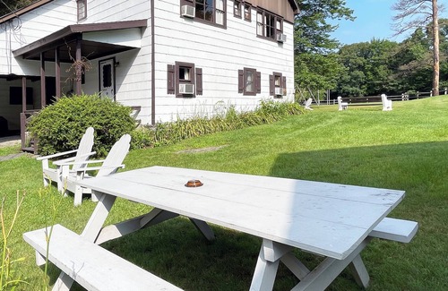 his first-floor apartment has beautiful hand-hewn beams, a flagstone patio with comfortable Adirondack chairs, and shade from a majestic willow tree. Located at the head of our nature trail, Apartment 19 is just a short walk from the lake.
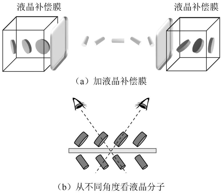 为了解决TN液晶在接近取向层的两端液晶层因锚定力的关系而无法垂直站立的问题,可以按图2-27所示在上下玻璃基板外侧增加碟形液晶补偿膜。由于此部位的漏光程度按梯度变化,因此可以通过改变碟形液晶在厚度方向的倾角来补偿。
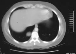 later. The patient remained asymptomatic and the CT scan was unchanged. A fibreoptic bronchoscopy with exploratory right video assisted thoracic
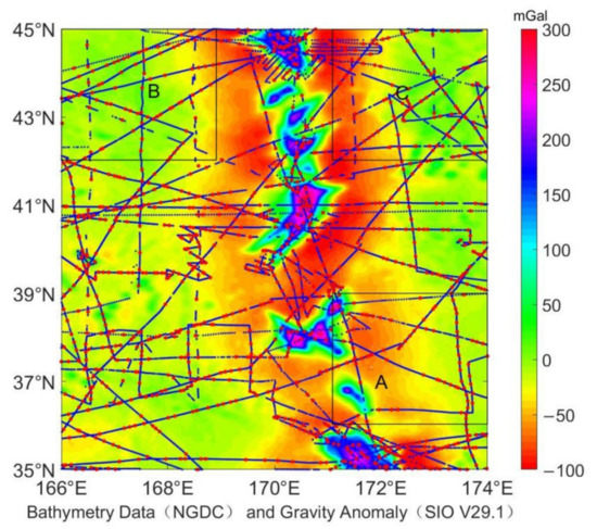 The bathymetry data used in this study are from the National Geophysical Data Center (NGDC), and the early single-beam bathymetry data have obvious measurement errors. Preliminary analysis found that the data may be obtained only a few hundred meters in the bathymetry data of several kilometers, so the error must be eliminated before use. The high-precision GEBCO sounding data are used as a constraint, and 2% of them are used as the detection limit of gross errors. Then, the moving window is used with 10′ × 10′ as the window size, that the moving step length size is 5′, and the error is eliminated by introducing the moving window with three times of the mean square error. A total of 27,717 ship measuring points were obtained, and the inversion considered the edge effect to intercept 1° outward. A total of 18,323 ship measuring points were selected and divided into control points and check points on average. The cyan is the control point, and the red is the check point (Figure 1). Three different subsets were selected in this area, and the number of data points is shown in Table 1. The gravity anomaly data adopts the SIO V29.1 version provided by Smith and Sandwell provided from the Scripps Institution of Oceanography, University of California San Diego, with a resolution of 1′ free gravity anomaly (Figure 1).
==
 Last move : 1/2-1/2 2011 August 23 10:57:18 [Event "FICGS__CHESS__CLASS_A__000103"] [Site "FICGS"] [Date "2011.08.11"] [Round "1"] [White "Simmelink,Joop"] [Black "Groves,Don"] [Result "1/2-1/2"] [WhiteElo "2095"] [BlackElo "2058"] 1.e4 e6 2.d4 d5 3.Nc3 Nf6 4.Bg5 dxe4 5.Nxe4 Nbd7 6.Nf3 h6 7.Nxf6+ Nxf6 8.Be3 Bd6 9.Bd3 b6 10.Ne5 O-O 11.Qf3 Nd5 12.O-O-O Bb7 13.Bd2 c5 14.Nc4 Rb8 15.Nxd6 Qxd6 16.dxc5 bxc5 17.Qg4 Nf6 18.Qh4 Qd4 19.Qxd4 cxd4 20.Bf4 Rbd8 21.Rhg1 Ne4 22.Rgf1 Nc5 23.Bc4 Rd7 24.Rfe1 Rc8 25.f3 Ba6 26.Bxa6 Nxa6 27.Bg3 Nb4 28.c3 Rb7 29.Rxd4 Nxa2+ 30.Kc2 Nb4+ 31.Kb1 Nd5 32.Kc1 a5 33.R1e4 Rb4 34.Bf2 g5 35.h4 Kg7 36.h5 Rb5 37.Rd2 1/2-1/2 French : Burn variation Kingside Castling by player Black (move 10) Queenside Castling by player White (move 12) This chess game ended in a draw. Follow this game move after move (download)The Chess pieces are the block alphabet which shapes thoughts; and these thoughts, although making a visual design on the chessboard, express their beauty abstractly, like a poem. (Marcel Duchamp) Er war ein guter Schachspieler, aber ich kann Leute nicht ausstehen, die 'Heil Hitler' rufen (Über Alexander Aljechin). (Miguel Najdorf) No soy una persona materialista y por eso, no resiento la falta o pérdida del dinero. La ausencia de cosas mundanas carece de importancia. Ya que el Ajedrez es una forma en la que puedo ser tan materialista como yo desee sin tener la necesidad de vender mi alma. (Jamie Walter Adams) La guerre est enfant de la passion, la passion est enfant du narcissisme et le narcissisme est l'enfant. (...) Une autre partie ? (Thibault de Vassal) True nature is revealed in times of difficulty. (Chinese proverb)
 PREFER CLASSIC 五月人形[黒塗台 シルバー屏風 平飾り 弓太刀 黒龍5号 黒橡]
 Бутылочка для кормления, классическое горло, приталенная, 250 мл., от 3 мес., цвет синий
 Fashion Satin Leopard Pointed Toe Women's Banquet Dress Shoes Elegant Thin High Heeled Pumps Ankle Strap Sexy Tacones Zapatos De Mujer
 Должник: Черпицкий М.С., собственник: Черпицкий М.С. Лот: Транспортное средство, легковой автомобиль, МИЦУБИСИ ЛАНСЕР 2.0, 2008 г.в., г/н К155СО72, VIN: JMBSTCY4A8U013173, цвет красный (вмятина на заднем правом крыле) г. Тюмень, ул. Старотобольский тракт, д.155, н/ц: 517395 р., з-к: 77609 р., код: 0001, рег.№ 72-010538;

Requirement => Look through the material above. Transcribe exactly the lines between the ones with "his first-floor apartment" and "为了解决TN液晶在接近取向层", inclusive, and keep pictures out.

Reply to the task =>
 his first-floor apartment has beautiful hand-hewn beams, a flagstone patio with comfortable Adirondack chairs, and shade from a majestic willow tree. Located at the head of our nature trail, Apartment 19 is just a short walk from the lake.
 为了解决TN液晶在接近取向层的两端液晶层因锚定力的关系而无法垂直站立的问题,可以按图2-27所示在上下玻璃基板外侧增加碟形液晶补偿膜。由于此部位的漏光程度按梯度变化,因此可以通过改变碟形液晶在厚度方向的倾角来补偿。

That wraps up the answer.